• Brief: Reprint each record exactly. Pictures are not reprinted.

• Material for the task:
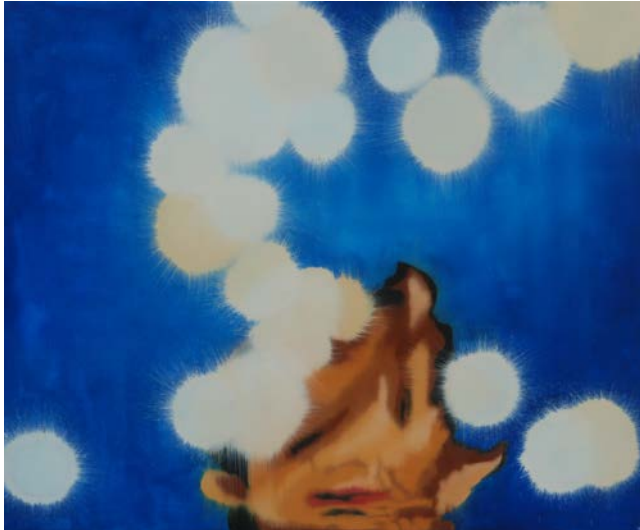
Pure Trash, huile sur toile, 50 x 60 cm, 2013
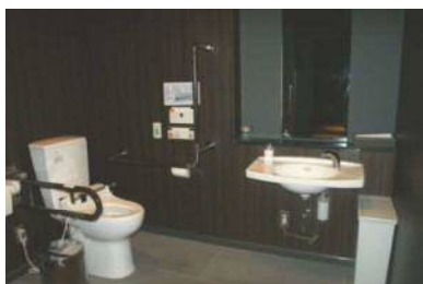
入口幅 90 cm
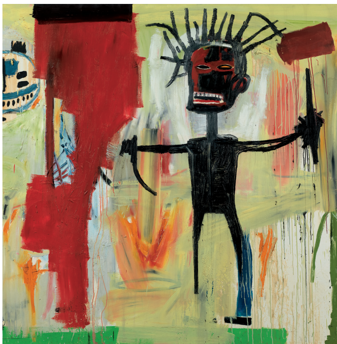
Jean-Michel Basquiat, Self Portrait [detalle], 1986. Colección MACBA. Depósito de la Generalitat de Catalunya. Antigua Colección Salvador Riera. Licencia de Artestar, Nueva York.
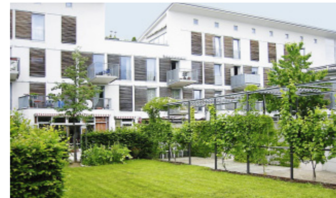
Die Gartenfassade des Betreuten Wohnen der AWO.

Das Leben im „Betreuten Wohnen“ orientiert sich an den Merkmalen eines selbstständigen und selbstbestimmten Wohnens. Die Einrichtung unterstützt dieses Anliegen durch seine baulichen Voraussetzungen, eine entsprechende Beratung und Hilfestellung, durch eine Betreuungskraft vor Ort und die Vermittlung externer und interner Dienste. Ein separater Betreuungsvertrag zum Mietvertrag regelt diese zusätzlichen Dienst- und Serviceleistungen. Hierdurch kann die Sicherheit und die notwendige Versorgung, in den oft schwierigen altersbedingten bzw. gesundheitlichen Lebenssituationen, in den meisten Fällen gewährleistet werden. Des Weiteren bietet die Anlage verschiedene Gemeinschaftsräume, die von den Mietern für die unterschiedlichen Aktivitäten und Veranstaltungen genutzt werden können. Ein breit gefächertes Angebot macht hier gesellschaftliches Beisammensein möglich und kann für Abwechslung im Alltag sorgen. Der Standort in 10-Minuten-Entfernung zur S-Bahn und zum Ortszentrum schafft die beste Voraussetzung für ein aktives Leben in der Gemeinde. Einkaufsmöglichkeiten, Seniorenclub, Sport- und Freizeitpark, Bürgerhaus und Kirche befinden sich in erreichbarer Nähe. In die Wohnanlage integriert ist die Tagespflege der Nachbarschaftshilfe .
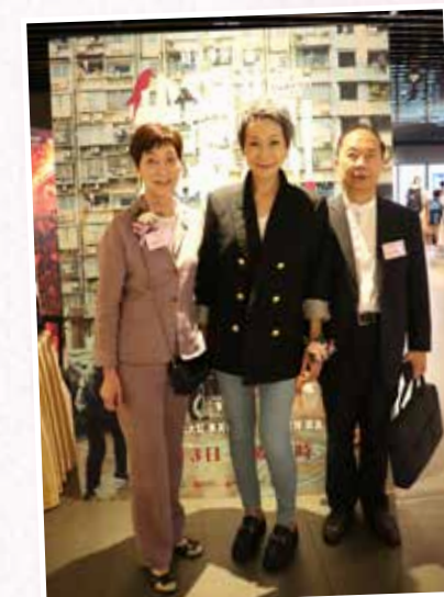
執行委員會主席、鍾律師 與葉童合照
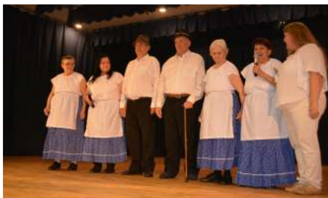
A Zagyvartói Idősek Otthona
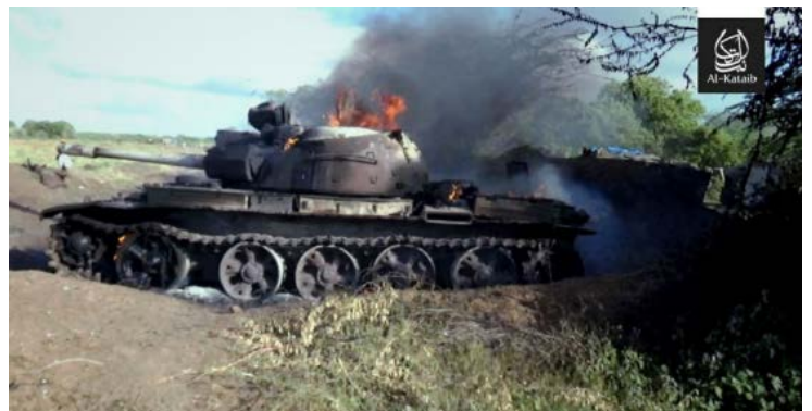
טנק וציוד של חיילי צבא אוגנדה עולה באש בבסיס כוחות האיחוד האפריקני
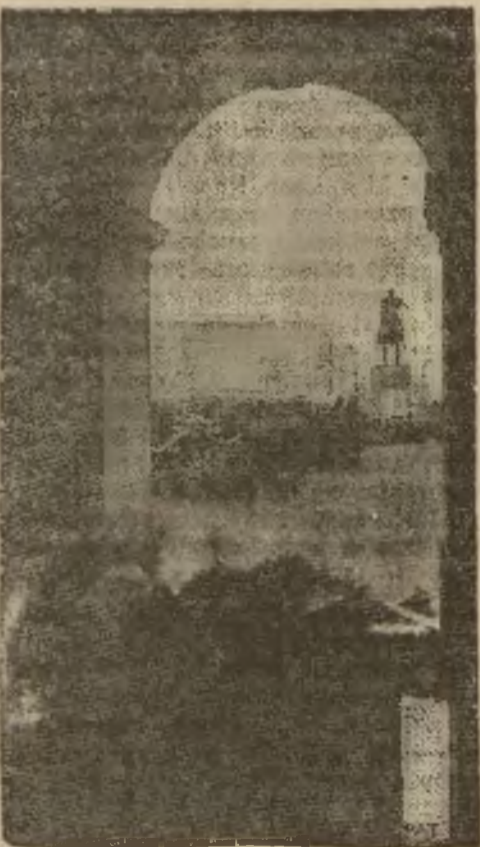
W niedzielę rozpoczęły się obrady Związku Obrony Kresów Zachodnich. Zdjęcie nasze przedstawia złożenie wienca na grobie Nieznanego Żołnierza przez uczestników Zjazdu.
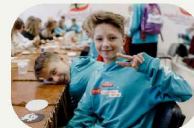
Добровольческий стандарт Движения
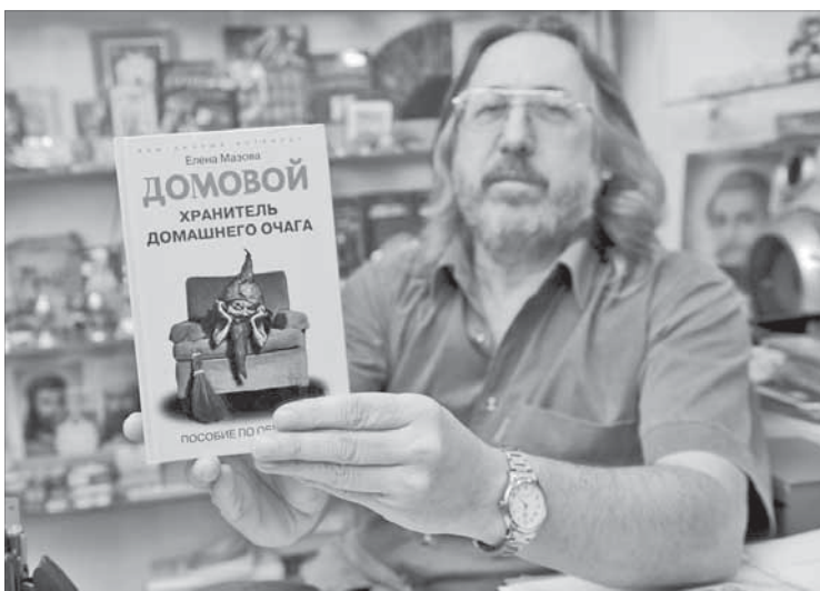
Про них пишут книжки

• Completed task:
Pure Trash, huile sur toile, 50 x 60 cm, 2013
入口幅 90 cm
Jean-Michel Basquiat, Self Portrait [detalle], 1986. Colección MACBA. Depósito de la Generalitat de Catalunya. Antigua Colección Salvador Riera. Licencia de Artestar, Nueva York.
Die Gartenfassade des Betreuten Wohnen der AWO.

Das Leben im „Betreuten Wohnen“ orientiert sich an den Merkmalen eines selbstständigen und selbstbestimmten Wohnens. Die Einrichtung unterstützt dieses Anliegen durch seine baulichen Voraussetzungen, eine entsprechende Beratung und Hilfestellung, durch eine Betreuungskraft vor Ort und die Vermittlung externer und interner Dienste. Ein separater Betreuungsvertrag zum Mietvertrag regelt diese zusätzlichen Dienst- und Serviceleistungen. Hierdurch kann die Sicherheit und die notwendige Versorgung, in den oft schwierigen altersbedingten bzw. gesundheitlichen Lebenssituationen, in den meisten Fällen gewährleistet werden. Des Weiteren bietet die Anlage verschiedene Gemeinschaftsräume, die von den Mietern für die unterschiedlichen Aktivitäten und Veranstaltungen genutzt werden können. Ein breit gefächertes Angebot macht hier gesellschaftliches Beisammensein möglich und kann für Abwechslung im Alltag sorgen. Der Standort in 10-Minuten-Entfernung zur S-Bahn und zum Ortszentrum schafft die beste Voraussetzung für ein aktives Leben in der Gemeinde. Einkaufsmöglichkeiten, Seniorenclub, Sport- und Freizeitpark, Bürgerhaus und Kirche befinden sich in erreichbarer Nähe. In die Wohnanlage integriert ist die Tagespflege der Nachbarschaftshilfe .
執行委員會主席、鍾律師 與葉童合照
A Zagyvartói Idősek Otthona
טנק וציוד של חיילי צבא אוגנדה עולה באש בבסיס כוחות האיחוד האפריקני
W niedzielę rozpoczęły się obrady Związku Obrony Kresów Zachodnich. Zdjęcie nasze przedstawia złożenie wienca na grobie Nieznanego Żołnierza przez uczestników Zjazdu.
Добровольческий стандарт Движения
Про них пишут книжки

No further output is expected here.